With the inpending arrival of the iPhone 4, the debate over whether iOS or Android is better has been raging just as furiously as the Mac v PC argument ever did. Nowhere has this been highlighted better than Robert Scoble's post on Buzz. Robert has been extoling the virues of the Android OOTB experience: "all my contacts, apps, calendar items, and other things automatically synched without hooking it up to anything" but (despite using a gmail account for years) having all of my details in Outlook I did not experience this.

As you would expect, the integration with the key Google applications is pretty much flawless and all achieved by just entering your GMail account details as part of the device setup. Even those apps in beta are seamlessly linked to your GMail account - take Google Listen as a great example.

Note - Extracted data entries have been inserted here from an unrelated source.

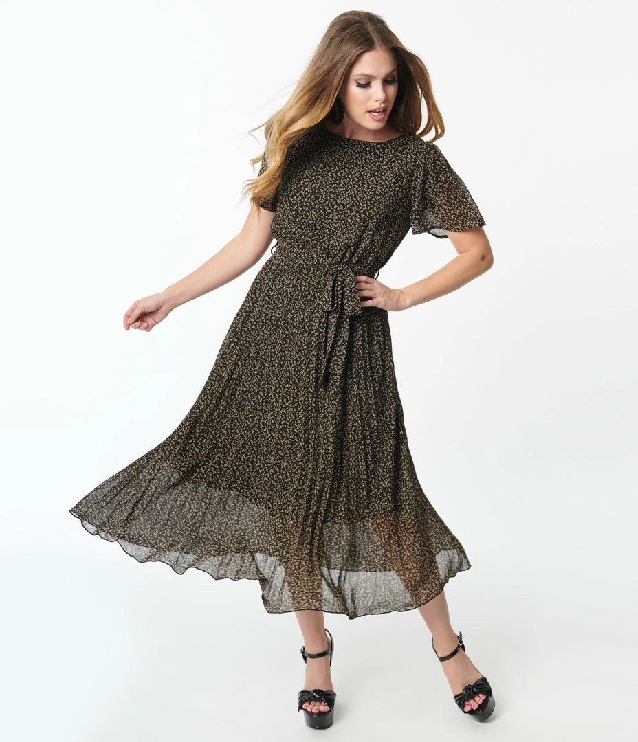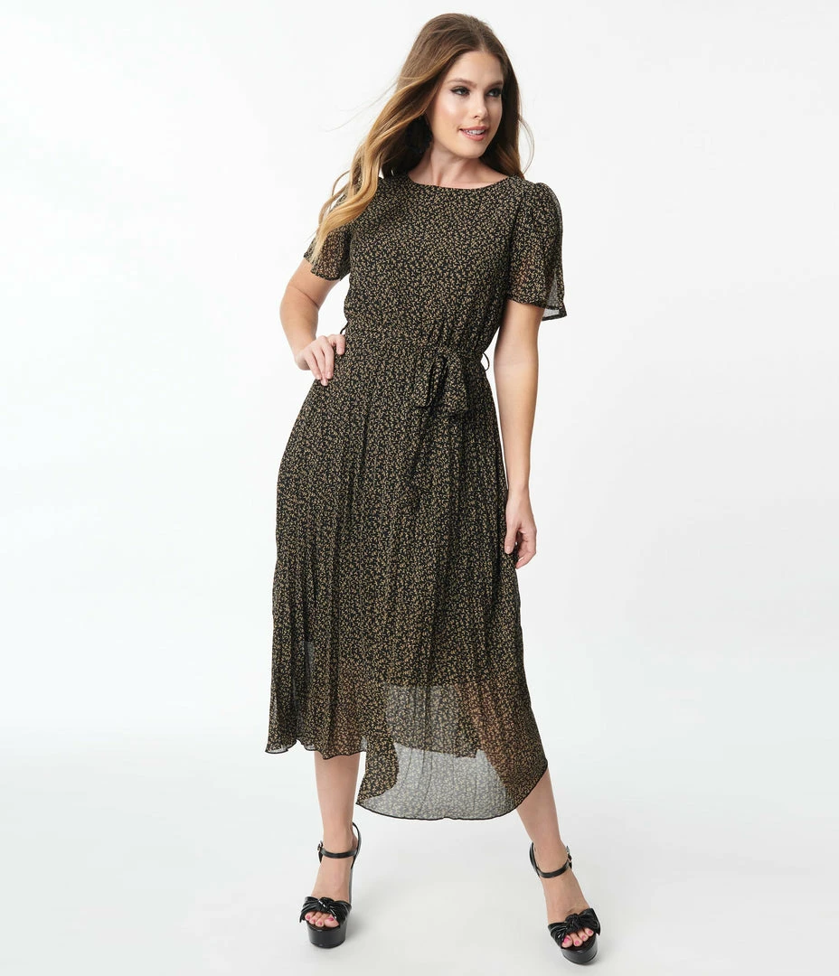 Falling leaves await, darling! A fabulous vintage style dress, this beautiful silhouette is crafted in black lightweight crepe that dances with a print of ditsy cream leaves throughout. The modest scoop neck is nipped in with a back button to create a keyhole effect, and framed with flutter sleeves. The pleated skirt drops from the elastic waist as the self tie sash cinches your feminine form and the attached lining provides all day comfort!
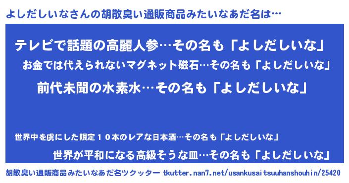 | 欧米人風あだ名 | 『ダルビッシュよしだしいな』 |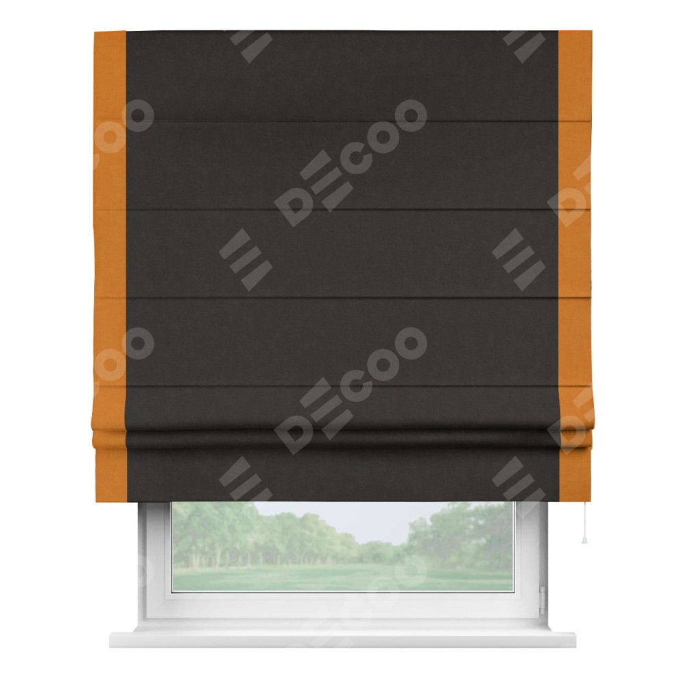 Римская штора производителя «Cortin», используется для проёма, пошита из ткани канвас тёмно-коричневый, артикул ткани v-13. Отделка шторы кантом «Стрим Дуо» (оранжевый v-106), ткань для канта используется из канваса разной расцветки на выбор. Имеет универсальный механизм и подходит для монтажа: на потолок, на стену и в нишу.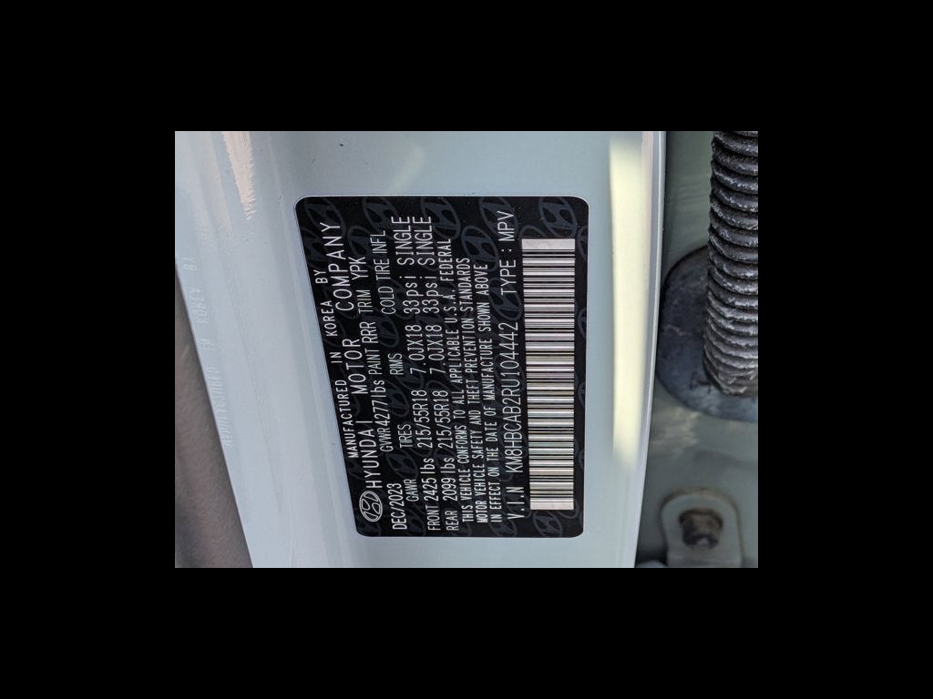 This vehicle comes equipped with : Option Group 01, 4-Wheel Disc Brakes, 6 Speakers, 6.052 Axle Ratio, ABS brakes, Air Conditioning, Alloy wheels, AM/FM radio: SiriusXM, Apple CarPlay & Android Auto, Auto High-beam Headlights, Automatic temperature control, Brake assist, Bumpers: body-color, Cloth Seat Trim, Delay-off headlights, Driver door bin, Driver vanity mirror, Dual front impact airbags, Dual front side impact airbags, Electronic Stability Control, Emergency communication system: Bluelink+, Exterior Parking Camera Rear, Four wheel independent suspension, Front anti-roll bar, Front Bucket Seats, Front Center Armrest, Front dual zone A/C, Front reading lights, Fully automatic headlights, Heated door mirrors, Illuminated entry, Leather Shift Knob, Leather steering wheel, Low tire pressure warning, Occupant sensing airbag, Outside temperature display, Overhead airbag, Panic alarm, Passenger door bin, Passenger vanity mirror, Power door mirrors, Power driver seat, Power steering, Power windows, Radio: AM/FM/HD Radio/SiriusXM Audio System, Rear anti-roll bar, Rear seat center armrest, Rear window defroster, Rear window wiper, Remote keyless entry, Security system, Speed control, Speed-sensing steering, Split folding rear seat, Spoiler, Steering wheel mounted audio controls, Tachometer, Telescoping steering wheel, Tilt steering wheel, Traction control, Trip computer, Turn signal indicator mirrors, Variably intermittent wipers, and Wheels: 18" x 7.0J Glossy Black Alloy.
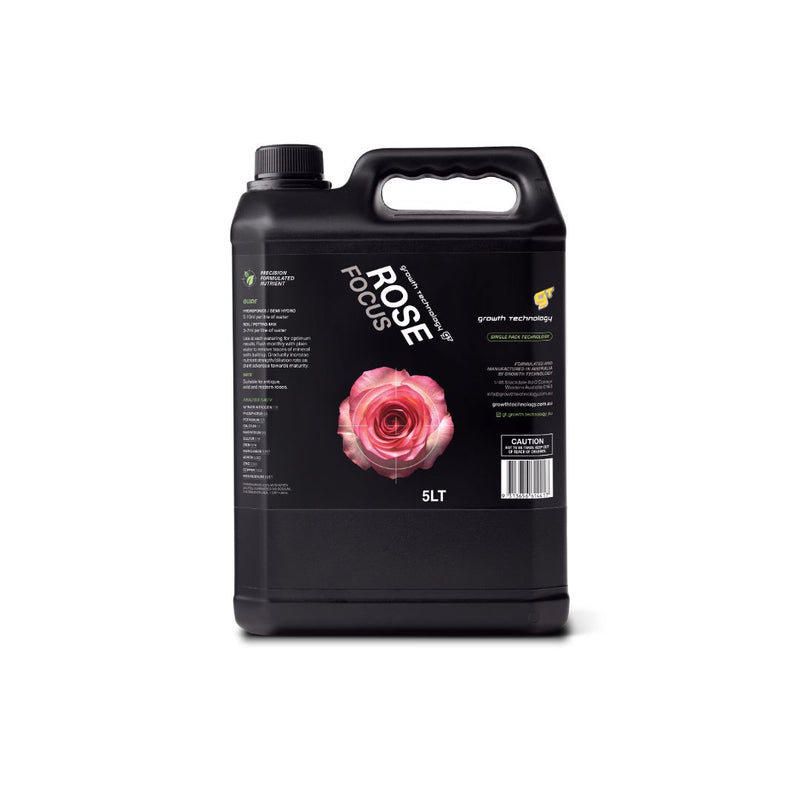 Growth Technology Rose Focus is a specialised nutrient supplement formulated to support the vigour, bloom size, colour intensity, and overall performance of rose plants. Roses have unique nutritional needs that differ from many other ornamental plants, and Rose Focus delivers a balanced blend of essential macro‑ and micronutrients designed to promote lush foliage, prolific flowering, and strong plant health throughout the growing season.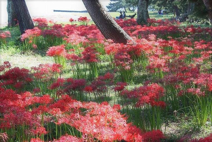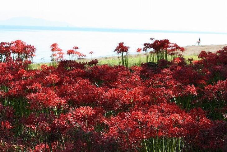 琵琶湖の西側の高島市新旭町の源氏浜では、真っ赤な彼岸花が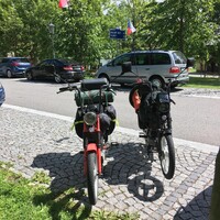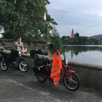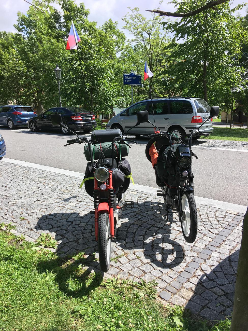 JZ: Co se týče výběru našich strojů, požadavky na ně byly jasné – co nejjednodušší stroj s malou spotřebou, vysokou spolehlivostí a možnost řídit tuto "mašinu" s řidičákem na auto. Já ani Jáchym totiž nemáme řidičák na opravdovou motorku. Původně jsme chtěli pořídit babetty, jelikož se jich po ČR válí spousty a je snadné na ně sehnat ND , avšak po přečtení několika recenzí a vyslechnutí mnoha nechvalných slov na spolehlivost těchto strojů jsme začli hledat něco jiného. Na doporučení mého otce a také kamaráda, který dělal na tomto mopedu kurýra, jsme se rozhodli pro Manet Korado. Jedná se o moped vyráběný na Slovensku, vybavený kvalitním motorem Puch rakouské výroby, který byl vyroben podle licence italského výrobce motorek Piaggio. Čili se jednalo o relativně spolehlivé stroje, další obrovskou výhodou těchto mopedů je, že pokud byly vyrobeny do roku 2001, nepodléhají klasické evidenci. Čili tyto stroje nemusí mít SPZ, evidenční kontrolu, emise a ani STK a také není nutné je přihlašovat do registru motorových vozidel. Stačí tedy jen povinné ručení (které stojí cca 160 kč na rok) a osvědčení od výrobce o tom, že vozidlo je způsobilé pro provoz na pozemních komunikacích.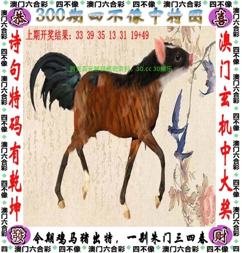 | 301期:★绝杀三肖★【兔猪虎】开:發00中 |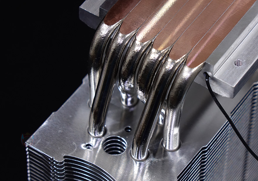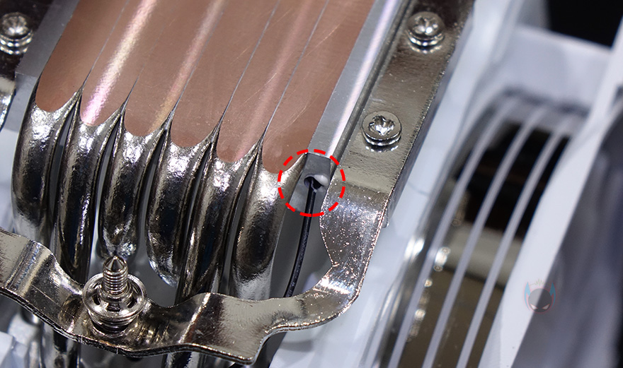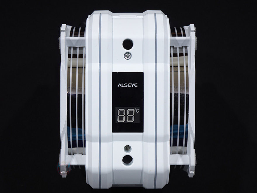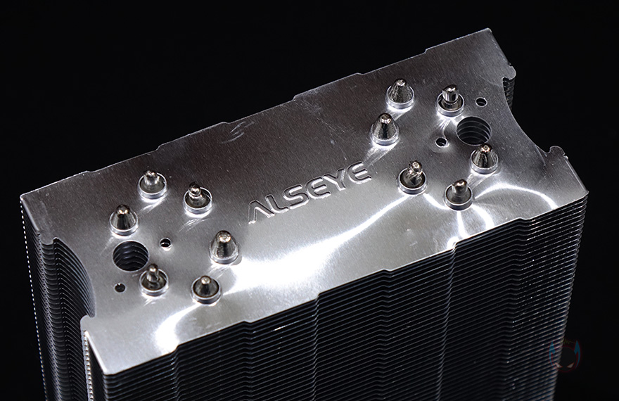 M120D Plus 쿨러는 팬 장착과 함께 커버 디자인을 적용하고 있는데, 쿨러 상단을 덮고 있는 커버에는 중앙에 블랙색상의 커버가 있으며, 이를 제거하면 중앙에 알스아이(Alseye) 로고와 함께 온도표시계를 볼 수 있습니다. 그리고, 위/아래로 각각 구멍이 있는데, 이 구멍에는 제공되는 공구 드라이버를 이용해, 쿨러 하단에 기본 장착된 리테션의 나사를 체결할 때 사용됩니다. 그리고, 쿨러 하단의 CPU와 맞닿는 베이스는 히트파이프가 그대로 접촉되는 일명 DTH방식이며, 지름 6mm 히트파이프 6개가 사용되었습니다.

I'm a big @scottsigler fan (an original junkie) so setting up his podcast in listen was my first priority; after doing so I was surprised, nay, delighted to find that Listen had automatically added it to a "Listen Subscriptions" section in Google Reader. How cool is that?

Listen Subscriptions

All change

It is this flawless integration that has prompted me to change the way I do things. I have converted all of my contacts to Google Contacts and - wait for it - completely dumped Outlook as my email client; I just don't need it any more. Sorry Microsoft!

Dumped Outlook

It really is something to say that a phone has altered my behaviour but there it is. There are a few holes such as the lack of a native file manager but the Android Market is beginning to flourish and is populated with numerous, good quality, free applications to fill these gaps.

Android is here to stay and not just make up the numbers.